The past week has been hectic. We launched on Tuesday and had this huge social media response. Someone asked us the other day: “What did you expect? What were your goals for this?” And we were just like “We didn’t have any. We had zero expectations.” Because we had no idea what was gonna happen. Some other people were asking me, “Oh, what are your numbers?” We don’t know. And they were like “What do you think you’re going to make in the first month?” And we’re like “We don’t know!” 

Gita: People have all these huge assumptions when you start a business about how you’re able to predict how things are going to go. I remember, before we even announced Aftermath, people asking me, “When do you think you’re gonna be able to hire?” I don’t know the answer to that question! We just don’t know. It all depends. You have to do everything, and that includes all the metrics-related things that were often given to people that were far away from the journalism desk.

Lin: In terms of a lot of it, we’ve decided “Probably never? Probably never. But maybe eventually.” This is a tabletop roleplaying site. Are you guys tabletop roleplayers in addition to being video game players?

Gita: I’m a roleplayer.

Nathan: I’ve played D&D a few times. That’s pretty much it.

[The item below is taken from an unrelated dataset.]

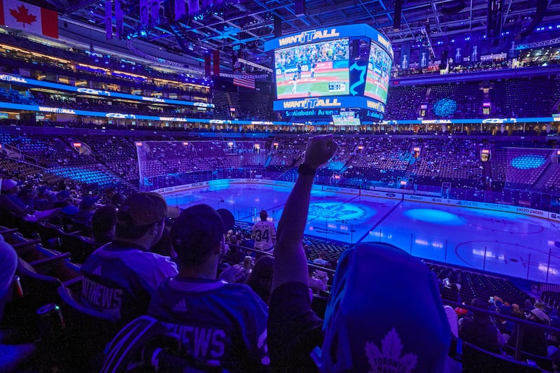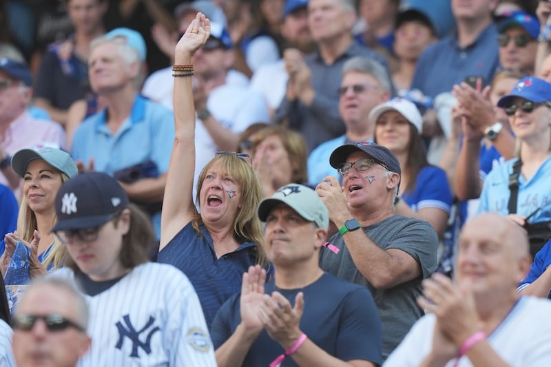 Taking over downtown intersections, fans also sing the Canadian national anthem and “OK Blue Jays,” the team’s seventh-inning stretch song.

Lin: Alright, I’m not talking to you ever again. You’re dead to me.

Everybody: [Laughs]

Gita: I love to make up a little guy and rotate him in my head.

Lin: But yeah, so people were asking us all of these questions, and so in our Discord we’ve invoked a tabletop roleplaying term: We put it in a clock, which means we’ll just deal with it later.

Gita: Eventually your clock will advance to the point where you have to deal with some of these things. 

Luke: There’s no IRS in your D&D game, but there absolutely is [in real life].

Nathan: But yeah, I was curious about the general state of journalism and media around tabletop roleplaying, because I’ve read some of Rascal’s posts, and it seems like there’s just not very much of this. I’m familiar with stuff on YouTube and actual play shows, but is there much beyond that? Or are you doing a kind of maiden voyage with Rascal?

Lin: We’re definitely not doing a maiden voyage. I want to be clear that there are outlets working in the space. There’s Bell of Lost Souls, there’s EN World, there’s Geek Native. A lot of these are really indie outfits that aren’t necessarily full-time, profitable ventures for the people working on them. A lot of it is consumer-article focused. It’s like “Here’s what D&D is doing. Here’s a Magic: The Gathering deck. Did you see this Tomb Raider tabletop announcement?” It’s very service-journalism oriented in a lot of ways. So we’re doing something in between the stuff that’s out there that we would consider news outlets and then, like, blogs.       

Tabletop roleplaying games have an incredible history of blogs. Literally since the ‘90s – the early ‘90s – people have been blogging about tabletop games.

Gita: Yeah, there’s tabletop channels on Usenet, so the basic foundations of the internet. 

Lin: Yes, Usenet, forums, [and so on]. Jon Peterson, one of our foremost experts on tabletop roleplaying games, runs a blog called Playing At The World, and he’s gotten multiple book deals because of this blog. And he’s done incredible investigations and incredible reporting on history. So we’ve sort of combined the legacy of tabletop roleplaying game blogs – independent people blogging about the games and game design – and the consumer service journalism that’s out there. We’ve been like “How do we do something that we feel good about and that’s sustainable – and that also incorporates the combined legacies of where tabletop journalism has happened in the past?